In 2021, the world economy surged to a growth spurt not seen in 40 years, but the momentum is expected to lose steam during this year and the next, said the United Nations, owing to lingering supply-chain constraints, rising inflation, and new waves of COVID-19 infections.
Even as global economies start recovering from the pandemic-era lockdown and restrictions, free flow of commerce and industry remains fragile with the advent of the Omicron variant that has disrupted workers returning to offices and contributed to logistical constraints.
“Near-term global growth prospects face major risks with the pandemic far from over. With new waves of infections spreading quickly, the human and economic tolls are expected to increase,” reads the report.
Robust consumer spending and an increase in investments spurred the growth after a significant period of inactivity. Trade has now bounced back to exceed pre-pandemic levels. But the effects of monetary and fiscal restrictions will hamper future growth in major economies.
The Fed’s tapering of asset purchases and interest rate hikes to curb the almost 40-year-high inflation in the United States will have an impact on local businesses and international trade. As credit becomes more difficult to obtain, companies will start spending conservatively leading to constraining chain reactions throughout the market.
“Rising inflationary pressures in major developed economies and a number of large developing countries present additional risks to recovery. Global headline inflation rose to an estimated 5.2 percent in 2021, more than 2 percentage points above its trend rate in the past 10 years,” reads the report.

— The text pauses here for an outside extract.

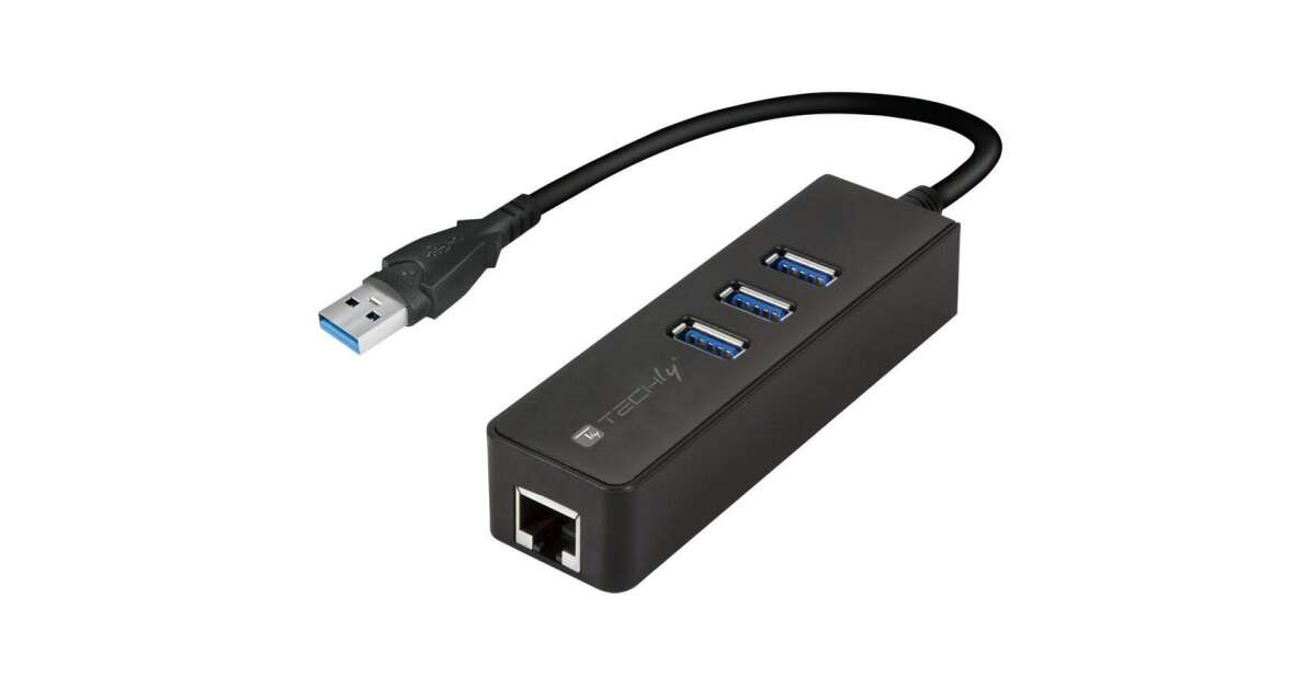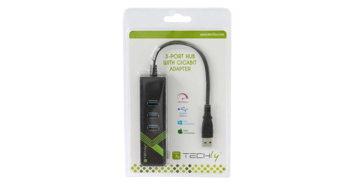 Hub USB 3.0 Techly z 3 portami + Gigabit Ethernet: Więcej portów USB i szybki internet w jednym urządzeniu! 🚀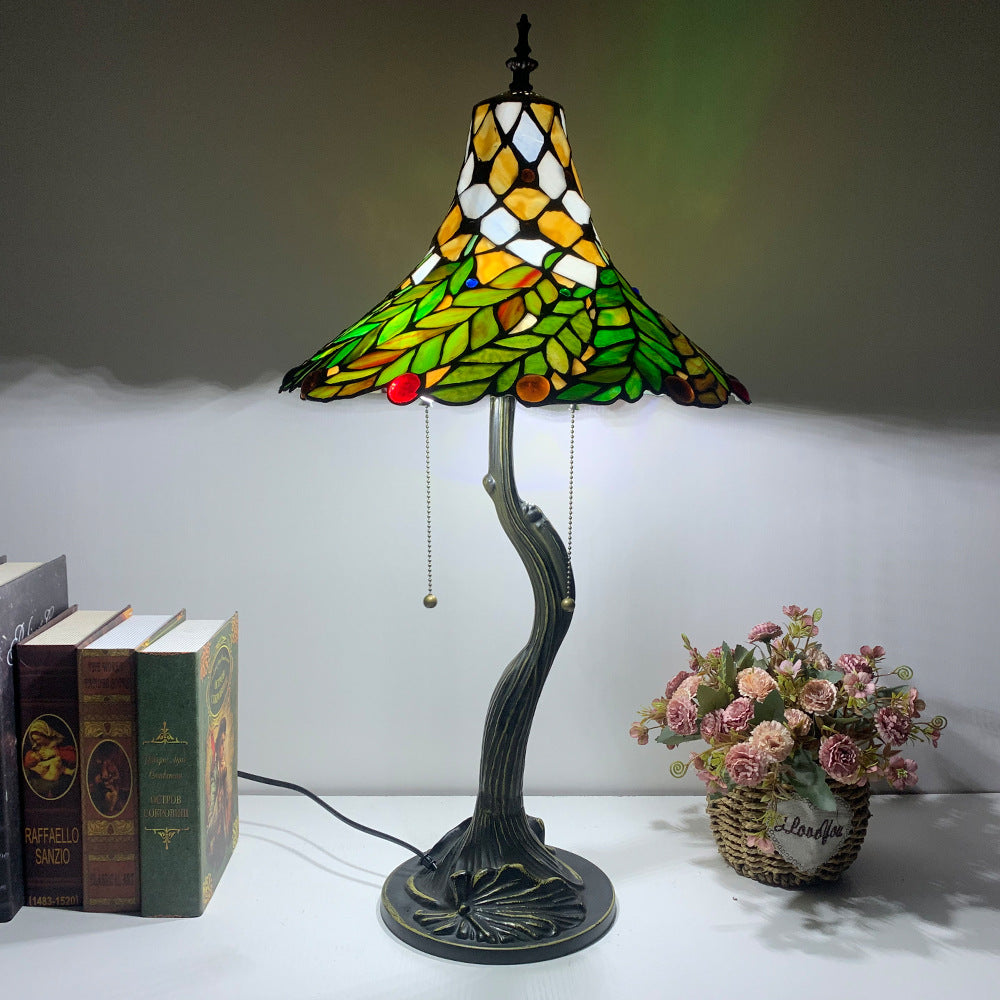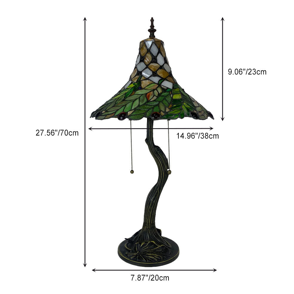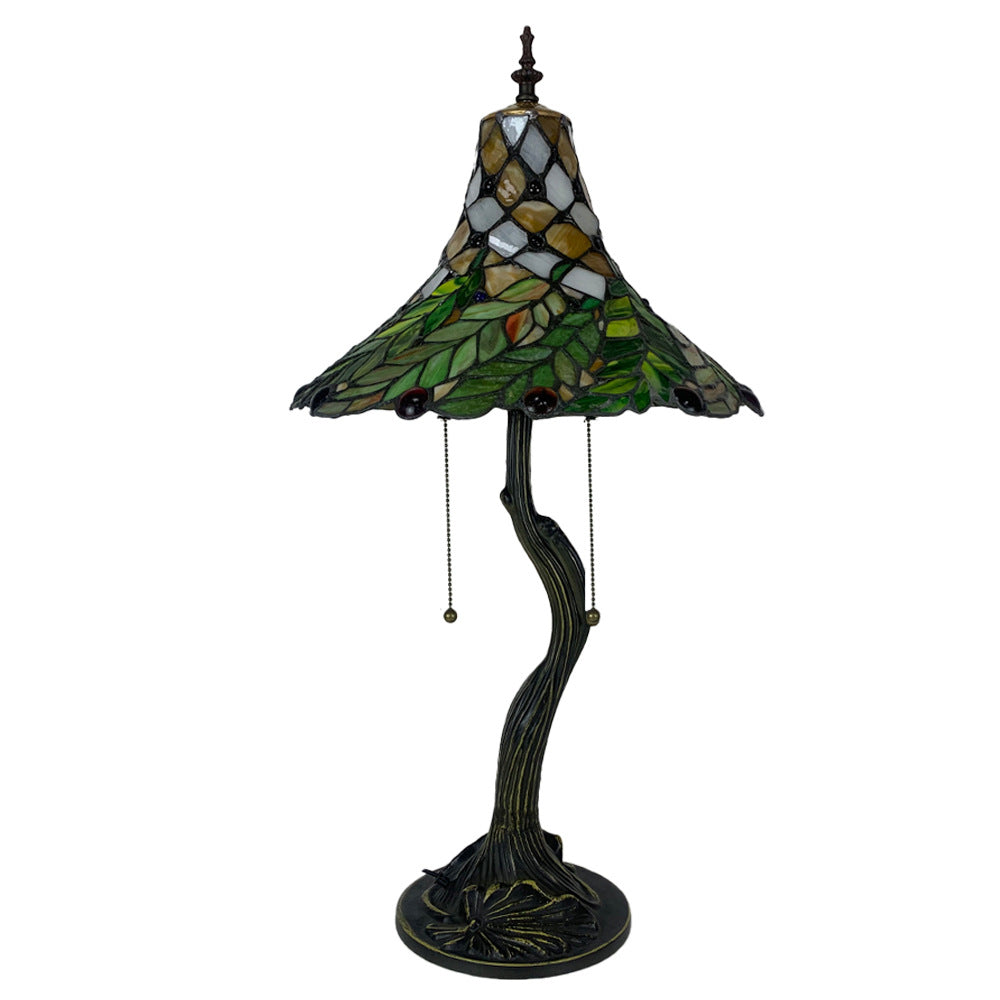 Traditional Tiffany Alloy Glass Horn Flower Leave 2-Light Table Lamp For Bedside

People living in absolute poverty will reduce to 876 million this year, said the agency as poverty rates are anticipated to go down in East Asia and South Asia. In 2023, the number of poor people in Africa is expected to rise due to slow recovery in employment levels and insufficient fiscal reforms.
The U.N. projects that “global trade in goods and services will grow by 5.7 percent in 2022 after an expansion of 11 percent in 2021,” if Omicron does not cause much disruption. Even though global investments have expanded to 7.5 percent, the organization points to “large fiscal stimulus packages and ultraloose monetary policies,” which cannot continue for a prolonged period.
Growth in the United States will decelerate to about 3.5 percent in 2022. The recovery, which was mostly driven by disposable household income from fiscal stimulus, will lose steam as the high inflation levels combine with associated monetary restrictions. The supply chain crisis and shortages of key materials like semiconductors will add to the slowing of the economy.
As for the European Union, “another wave of the pandemic prompted the reintroduction of containment measures that are disrupting many service sector activities.” Inflation has gone up but the European Central Bank is estimated to sustain low-interest rates till 2023. Growth will moderate to 3.9 percent for this year.
Ultra-strict pandemic protocols will slow China’s growth this year to around 5.2 percent from 7.8 percent in 2021. “The reintroduction of restrictive measures under the ‘zero-COVID-19’ policy has taken a toll on services and consumption while policy-induced property market cooling and temporary power rationing to phase out fossil fuels have weighed on investment.”